Weeks later, the concert was scuttled when a nearby kindergarten was shelled. The authorities decided it was too risky for citizens to gather.

Eventually, a few weeks after the peace was signed, Charles produced a landmark concert in Sarajevo—the first since the war. Although the players hadn’t been paid for four years, they had rehearsed whenever the shelling let up enough that a substantial number could make it to the theater. Summers weren’t as hard, but winter after winter they practiced in bitter cold during the few hours of daylight, with no electricity or gas. They insisted on playing, despite clumsy down coats and wool gloves, to keep up their skills.

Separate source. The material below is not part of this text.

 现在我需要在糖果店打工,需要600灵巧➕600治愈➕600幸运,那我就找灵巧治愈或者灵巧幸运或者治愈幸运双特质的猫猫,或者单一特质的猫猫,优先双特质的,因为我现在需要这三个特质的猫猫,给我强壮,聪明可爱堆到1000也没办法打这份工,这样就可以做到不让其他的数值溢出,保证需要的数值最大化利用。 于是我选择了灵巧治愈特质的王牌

Every musician had a story. The orchestra was managed by a clarinetist whose instrument was taken from him by soldiers, put under a tank, and crushed. Out of some seventy players, seven had been killed: some after being drafted into the army; one by a sniper, as he walked to a rehearsal. Many others had left as refugees. The remaining thirty-five players thus included former retirees and students. The army band also lent its talent.

When Charles led the orchestra for the first time, I watched from a box above the stage of the National Theater. From my vantage point, I could take in the orchestra, the audience, and the passion of my husband as he conducted. One musician sat on a stool upstage right, behind the trombones. From her perch, Sonja seemed to reign over the oboes and violas. Her small, dark eyes were riveted on the conductor. Sonja had been dividing her time between kitchen kettles and kettle drums for at least forty years. Thin, almost gaunt, her frame seemed frail beside the huge instruments, until she started swinging her mallets. The sequins on her sleeves glittered as her arms flew in a pattern, crisscrossing, then thrashing like the wings of a bird. In her blend of frailty and strength, Sonja embodied the contradiction of Sarajevo.

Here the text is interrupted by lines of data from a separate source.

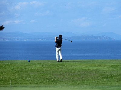 初めて訪れました。HP等で見る海に向かって打ち下ろしのコースは、本当に気持ちが良かった。芝の状態も良かった。コース幅が広く、再度は隣のコースでOBゾーンが少ないため、初心者におすすめのコース。遠くから来たかいがありました。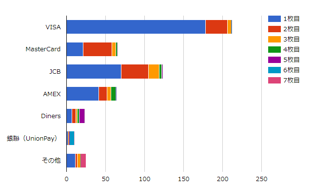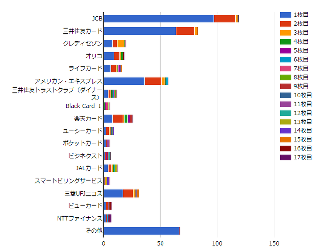 多い順に「JCB」「三井住友カード」「アメリカン・エキスプレス」「三菱UFJニコス」「楽天カード」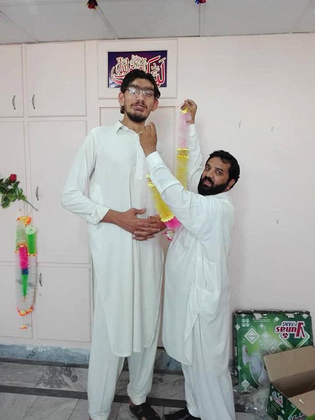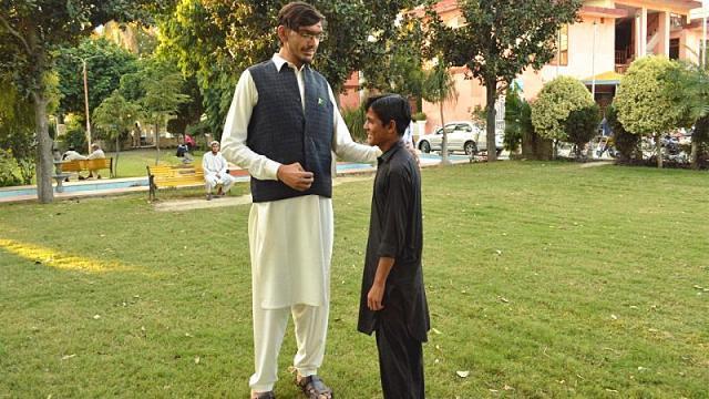 据外媒10月14日报道,这名男子叫做Muhammad Amin Tanoli,今年23岁,来自巴基斯坦曼塞拉。虽然身高7英尺8英寸(约2.34米)的他生活中有很多烦恼,但他却从没抱怨过,因为他喜欢受到其他人的关注。

The hall was a small jewel box of Hapsburg elegance. Slate blue, trimmed with gold, then dusty rose and floral designs as the eye moved upward. For a reason no one seemed to know, this structure had been spared. Still, it required a management decision to heat the building that night, because oil was precious. At least the string players, for a change, weren’t in overcoats; and with the minister of energy in the audience, the musicians could count on light throughout the concert.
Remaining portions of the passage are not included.